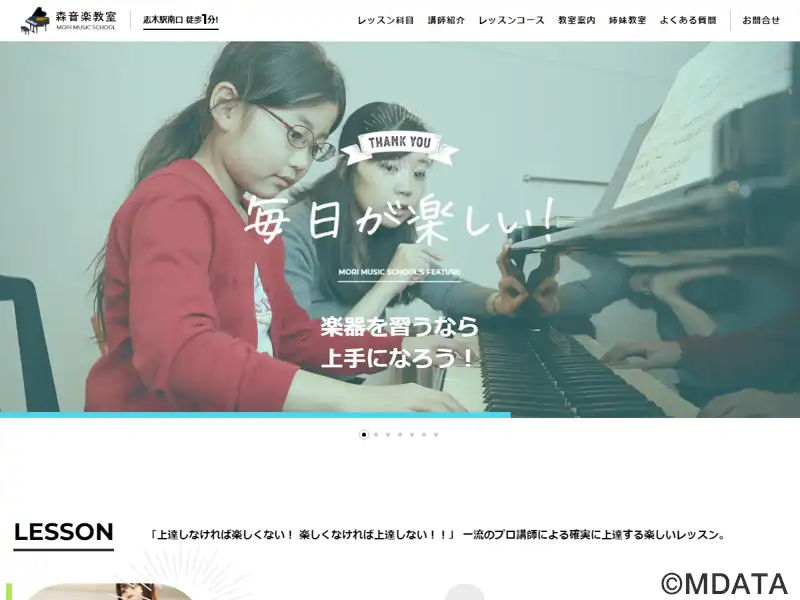 埼玉県新座市の志木駅前にある音楽教室。ピアノ、ヴァイオリン、チェロ、フルート、ギター、ジャズピアノなど幅広いコースを提供し、子供からシニア、初心者から音大受験生まで対応。プロ講師が、個々の目標に合わせたマンツーマンレッスンを行う。発表会やコンサートを通じて、演奏経験を積み、音楽を楽しむ心を育む。プロ志向向けのディプロマコースもあり。初心者も安心して始められ、音楽を一生の趣味や目標にできる環境が整う。
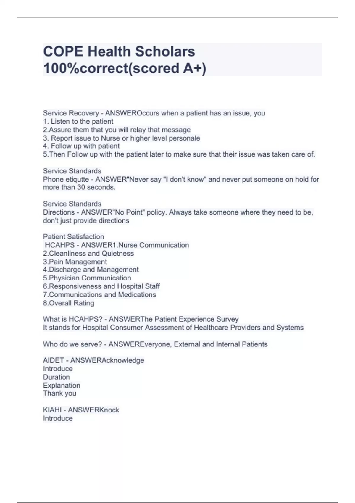Service Recovery - ANSWEROccurs when a patient has an issue, you 1. Listen to the patient 2.Assure them that you will relay that message 3. Report issue to Nurse or higher level personale 4. Follow up with patient 5.Then Follow up with the patient later to make sure that their issue was taken care of. Service Standards Phone etiqutte - ANSWER"Never say "I don't know" and never put someone on hold for more than 30 seconds. Service Standards Directions - ANSWER"No Point" policy. Always take someone where they need to be, don't just provide directions Patient Satisfaction
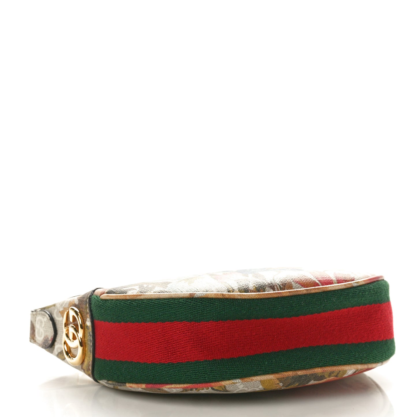 GG Supreme Monogram Water Flora Web Mini Ophidia Half Moon Hobo Beige White Multicolor
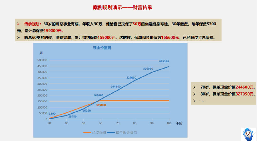 终身寿险有储蓄的功能。这款优选终寿越到后期,现金价值越高。
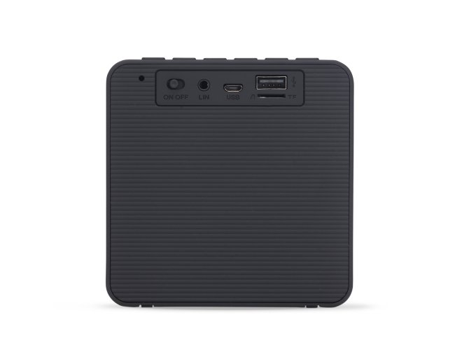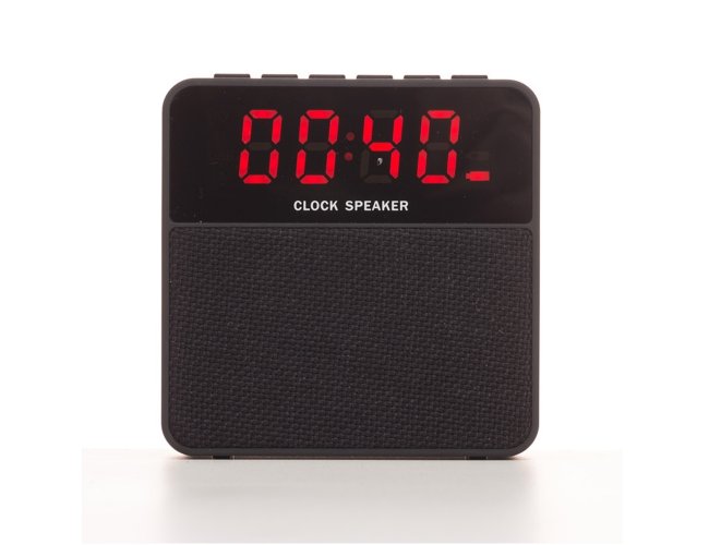 Caixa de Som Multimídia com relógio digital. Material emborrachado com display superior frontal, tela de proteção dos falantes em tecido, parte inferior com borrachas anti-deslizantes. Possui botões de Relógio/Alarme; Telefone/Atender chamadas; Mode; - retroceder/diminuir; + avançar/aumentar; Play/Pause/Troca; Microfone; Botão on/off; Entrada auxiliar P2; Entrada DC 5V; Entrada USB e Entrada TF (cartão MicroSD). Acompanha cabo USB e manual de instruções em chinês/inglês.
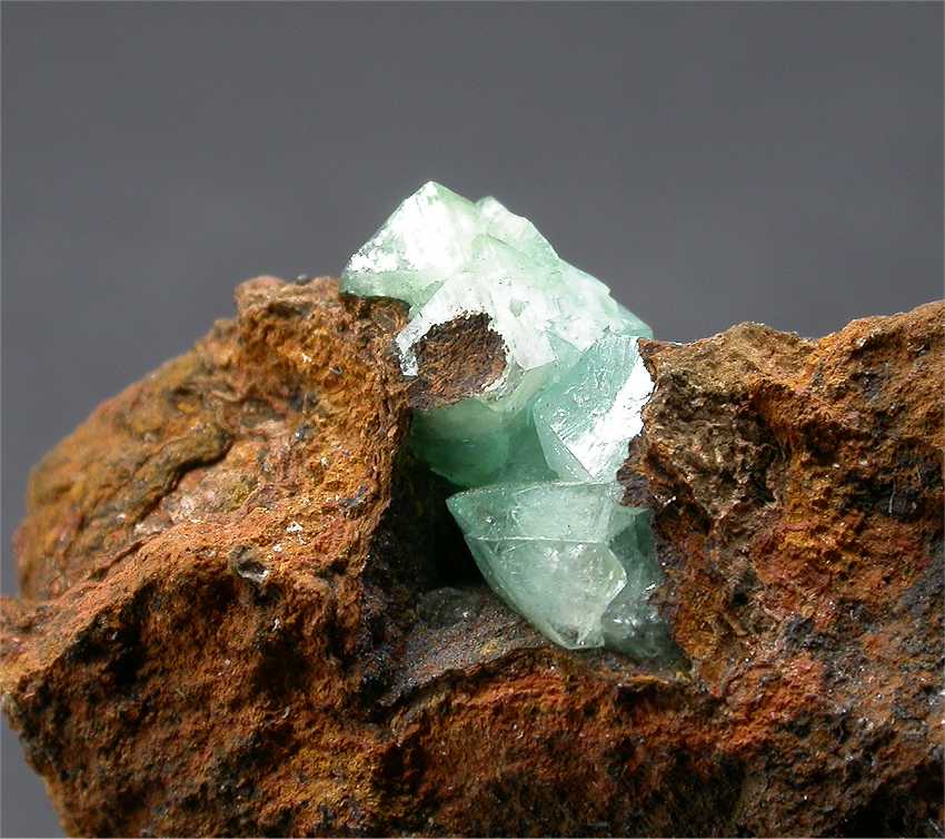 Mapimi, Durango. Mexico - There are various nice green/blue 0.7 cm xxls grouped forming a cluster on matrix. Very nice color ! Showy specimen of 5x2.5x1.5 cm
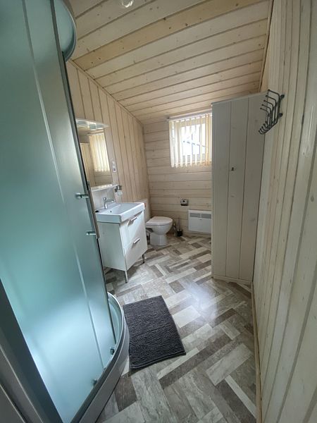 Внутри Коттеджа находятся: 2 жилые комнаты - комната с двуспальной кроватью, вторая с диваном и кроватью-чердаком; ванная комната с душевой кабиной; кухня-столовая с кухонным блоком, раковиной, холодильником и всей необходимой посудой для готовки; обеденная зона со столом, стульями и двухместным комфортным диваном. На территории находятся: спорт площадка, детская площадка с батутом, зона BBQ, парковка, пруды, речка(300м), апитерем, общие зоны, бассейн, животные и дргуое.
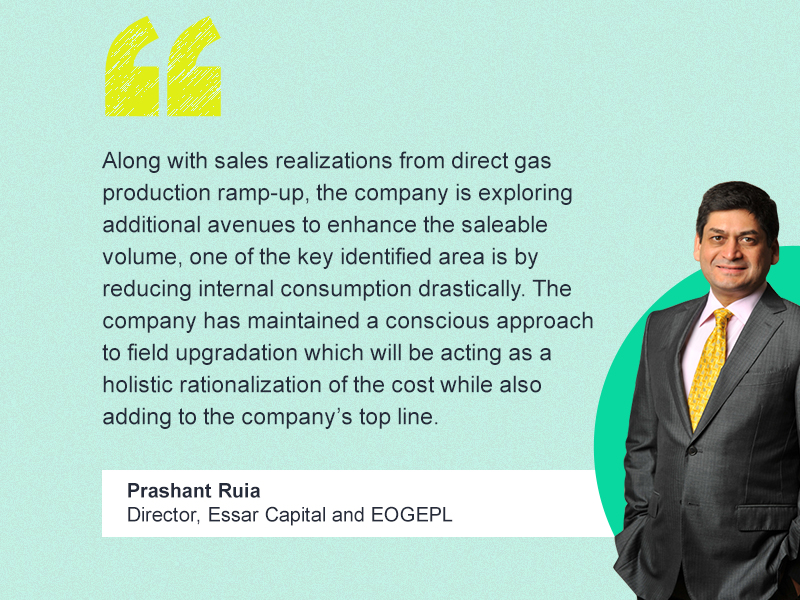 Commenting on the above, Mr Prashant Ruia, Director-Essar Capital and EOGEPL, said, “Along with sales realizations from direct gas production ramp-up, the company is exploring additional avenues to enhance the saleable volume. One of the key identified areas is to reduce internal consumption drastically. The company is maintaining a conscious approach to field upgradation which will be acting as a holistic rationalization of the cost while also adding to the company’s top line”
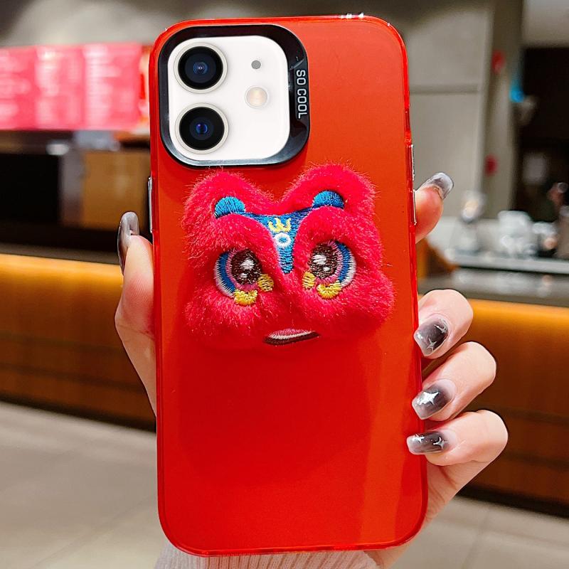 For iPhone 11 New Year Lion Dance Plush Doll Phone Case(Red Back Red Lion)

Work task: Start with the line above containing "终身寿险有储蓄的功能。这款优选终寿越到后期,现金价值越高。" and end with the line containing "Внутри Коттеджа находятся: 2". Set down that stretch exactly, without any pictures.

Response:
 终身寿险有储蓄的功能。这款优选终寿越到后期,现金价值越高。
 Caixa de Som Multimídia com relógio digital. Material emborrachado com display superior frontal, tela de proteção dos falantes em tecido, parte inferior com borrachas anti-deslizantes. Possui botões de Relógio/Alarme; Telefone/Atender chamadas; Mode; - retroceder/diminuir; + avançar/aumentar; Play/Pause/Troca; Microfone; Botão on/off; Entrada auxiliar P2; Entrada DC 5V; Entrada USB e Entrada TF (cartão MicroSD). Acompanha cabo USB e manual de instruções em chinês/inglês.
 Mapimi, Durango. Mexico - There are various nice green/blue 0.7 cm xxls grouped forming a cluster on matrix. Very nice color ! Showy specimen of 5x2.5x1.5 cm
 Внутри Коттеджа находятся: 2 жилые комнаты - комната с двуспальной кроватью, вторая с диваном и кроватью-чердаком; ванная комната с душевой кабиной; кухня-столовая с кухонным блоком, раковиной, холодильником и всей необходимой посудой для готовки; обеденная зона со столом, стульями и двухместным комфортным диваном. На территории находятся: спорт площадка, детская площадка с батутом, зона BBQ, парковка, пруды, речка(300м), апитерем, общие зоны, бассейн, животные и дргуое.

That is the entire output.